Only the pictures are to be dropped; the rest of the data below is to be duplicated exactly.

### Supplied material

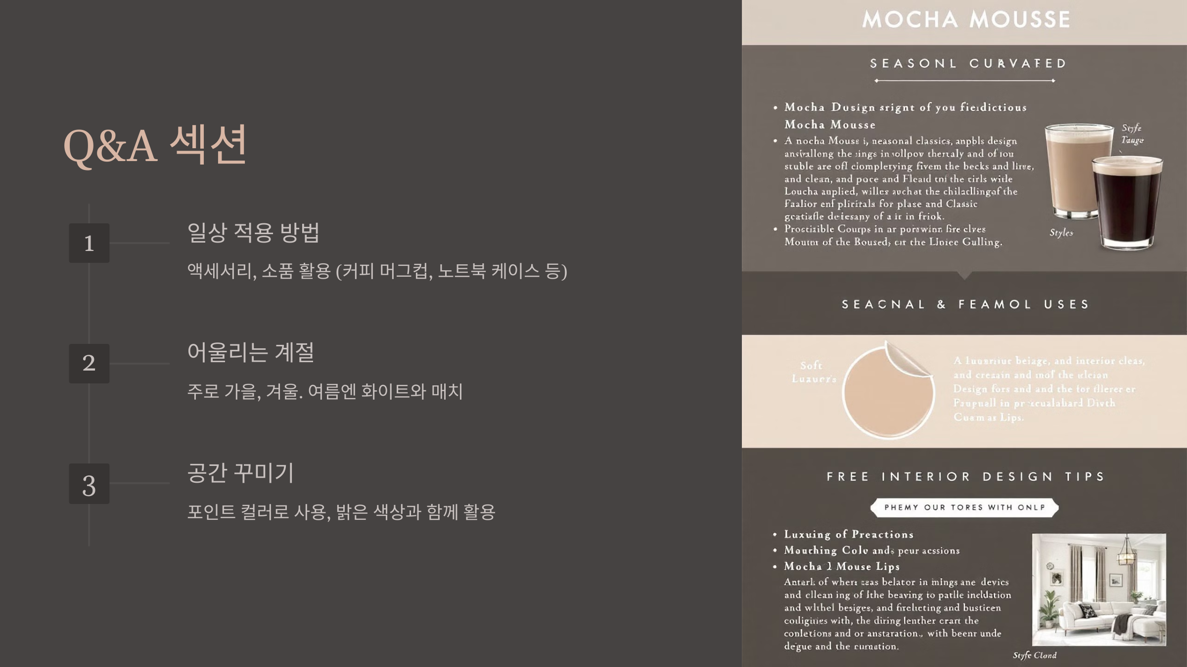 Q3: 모카 무스 컬러로 공간을 꾸미고 싶은데, 너무 어둡지 않을까요?
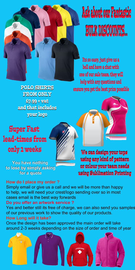On this page you find details about our high quality Sports tops, Scarves and other items to help promote your club
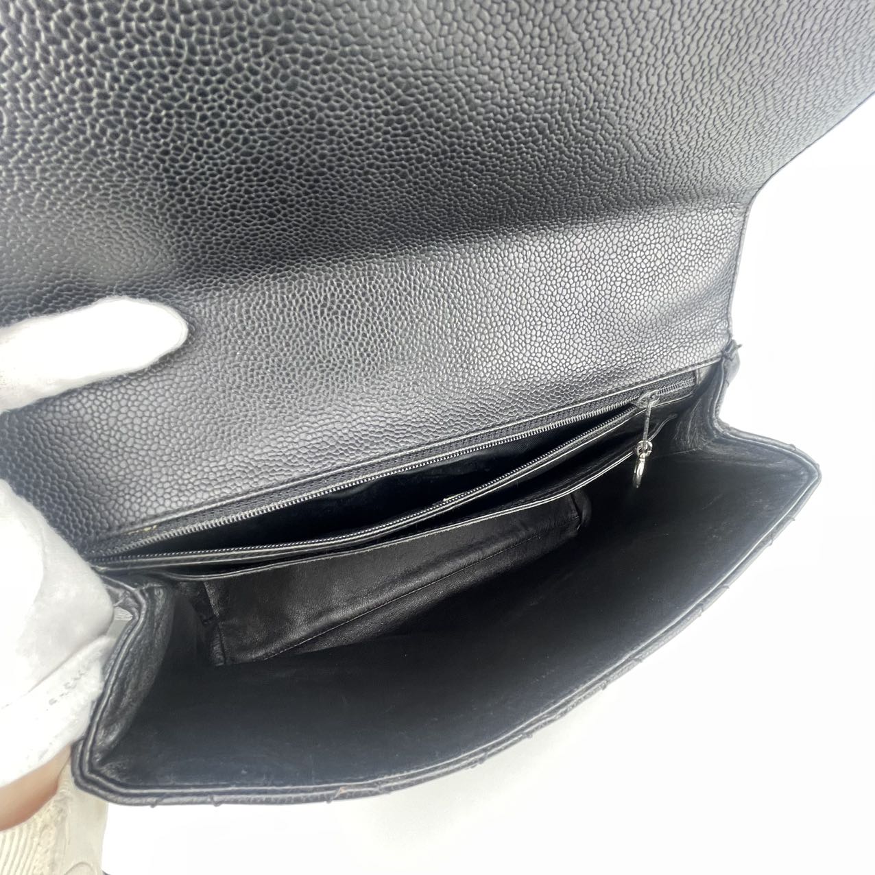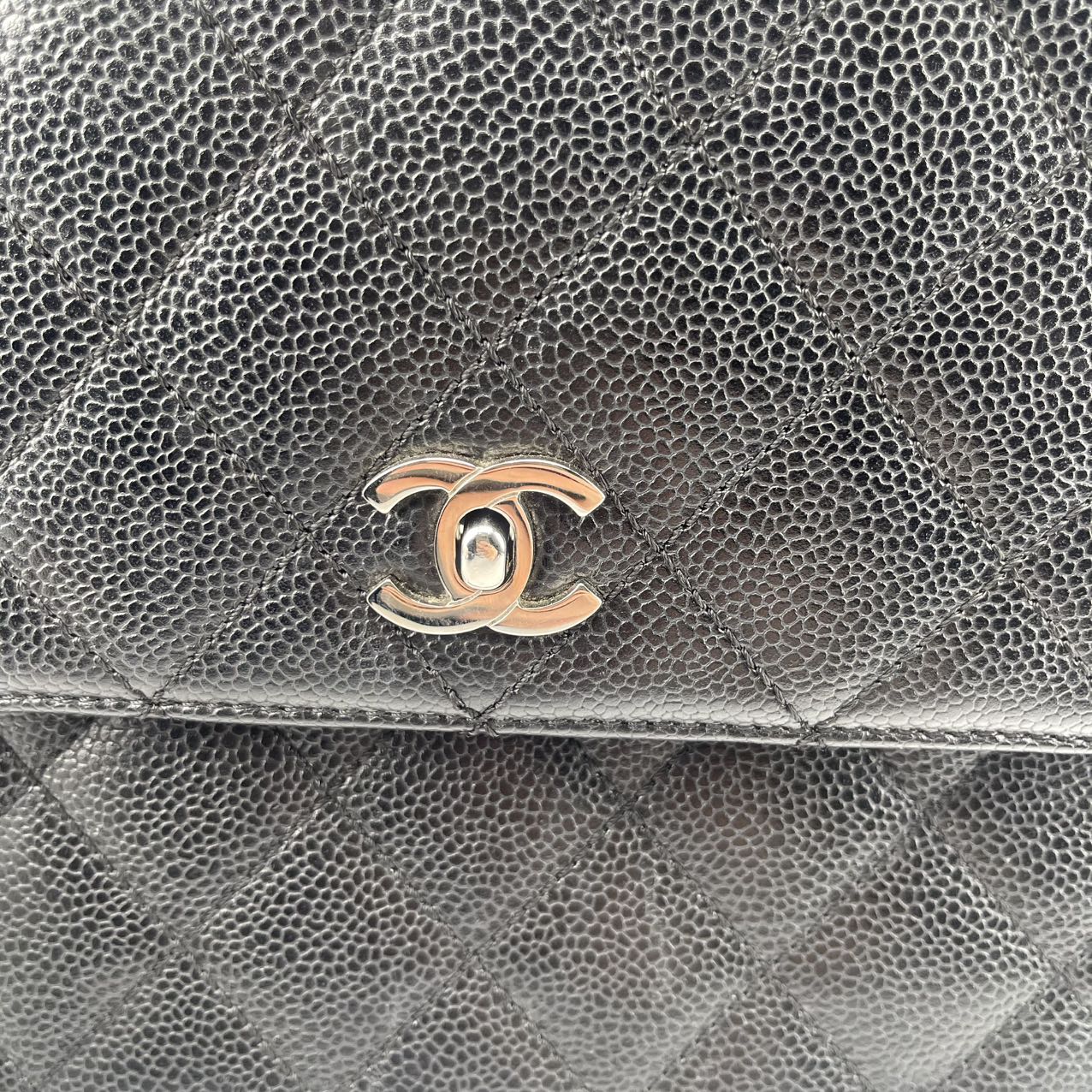 Condition: Excellent condition with minimal signs of wear. The grained calfskin leather (litchi leather) is supple and durable, showing no visible scratches or marks. The corners are in great condition with no noticeable wear. The silver hardware is in pristine condition, with no tarnishing or scratches. The bag opens and closes smoothly, and the interior is clean with minimal signs of previous use.

######

◆ Reply
 Q3: 모카 무스 컬러로 공간을 꾸미고 싶은데, 너무 어둡지 않을까요?
On this page you find details about our high quality Sports tops, Scarves and other items to help promote your club
 Condition: Excellent condition with minimal signs of wear. The grained calfskin leather (litchi leather) is supple and durable, showing no visible scratches or marks. The corners are in great condition with no noticeable wear. The silver hardware is in pristine condition, with no tarnishing or scratches. The bag opens and closes smoothly, and the interior is clean with minimal signs of previous use.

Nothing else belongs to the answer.